3 RQ1: Polyglot Exploitation in the Wild

Thanks to Bridges et al. [Bridges et al.(2020)], we know polyglots can evade detection by COTS tools. However, the extent to which malicious actors employ polyglots has never, to our knowledge, been published before. Do malicious actors use polyglots in their attack chains? What role do polyglots play within an attack chain? What file formats and combination methods were utilized in these attacks?
To address these questions we conducted a survey of threat intelligence feeds, collecting file hashes of polyglot samples and information on the roles played by these files within attack chains.
For the file hashes and a list of the sources used in this survey, see Table 3 and Table 4 in Section 9.

3.1 Survey Methods

The survey, performed between November 2022 and January 2023, focused on identifying the role of a polyglot file within a threat actor’s cyber-attack chain.
We used publicly available independent sources, general search engines and threat intelligence feeds (e.g., ORKL, X) to gather a wide range of information security reports and articles.

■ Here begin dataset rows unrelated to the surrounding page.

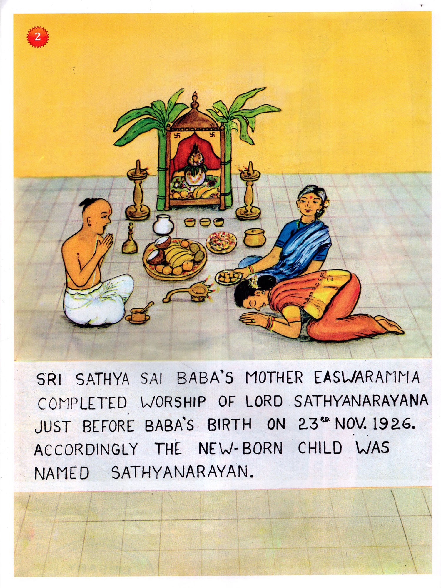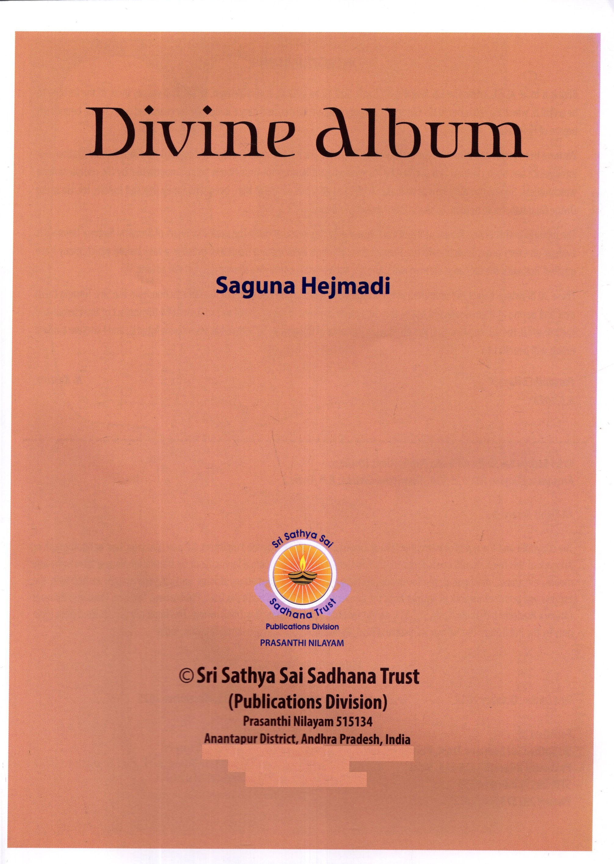 The pictures in this Divine Album of Beauty are inspired by this sense of duty. The maternal heart of Srimathi Saguna Heymadi is evident on every page. To delineate the Divine Leelas through incompetent paint and brush is a tank before which many have quailed. But, with the blessings of Bhagawan, she has succeeded in conveying the message of the advent.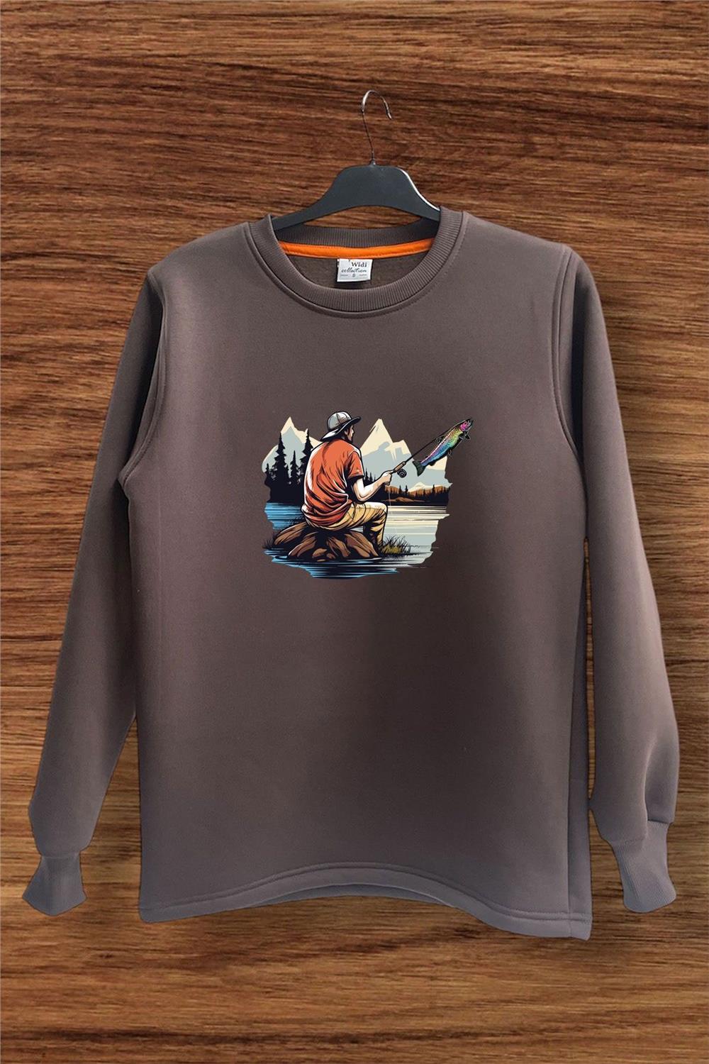 Fishing Balıkçılık Baskılı Olta Ile Alabalık Avı Regular Fit %100 Pamuk Sweatshirt - Kahverengi (WİDİ699)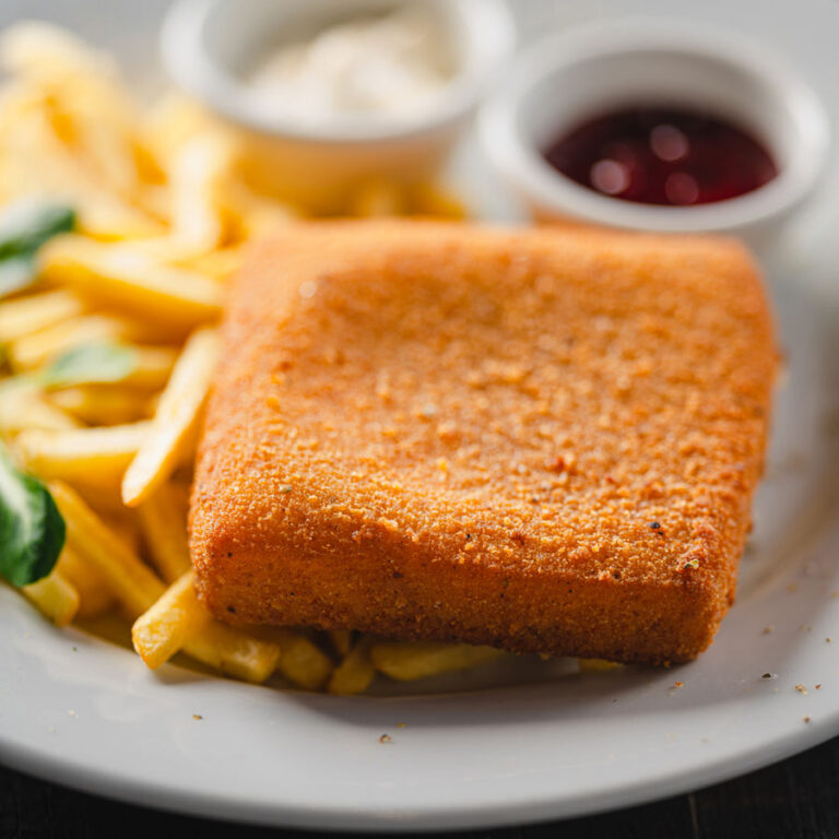 ser żółty panierowany, podawany z frytkami, żurawiną i sosem tatarskim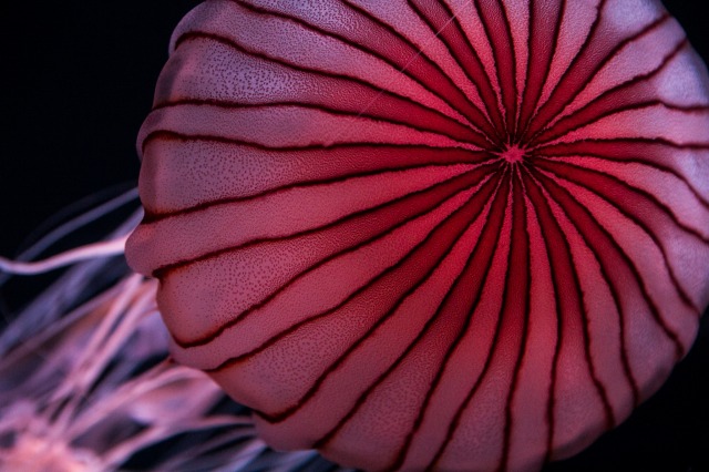 こちら、(たぶん)アカクラゲです。妖艶な模様をクッキリ写せるスポットに来るまで粘りまっした。動きはやはり遅いのでマニュアルフォーカスで合わせに行くのがやりやすいです。

Those sources were searched using the following terms: polyglot, combined, and contained. We found that the term polyglot is not always utilized in reports. We therefore had to manually distinguish between reports of true polyglots (two or more valid formats in one file) and other forms of digital steganography. A number of reports described malware that contained a valid format along with an oft-encrypted set of malicious instructions. We do not consider these files as polyglots because the malicious instruction can only be correctly interpreted when passed as input to another component of the malware rather than a parser conforming to a published standard.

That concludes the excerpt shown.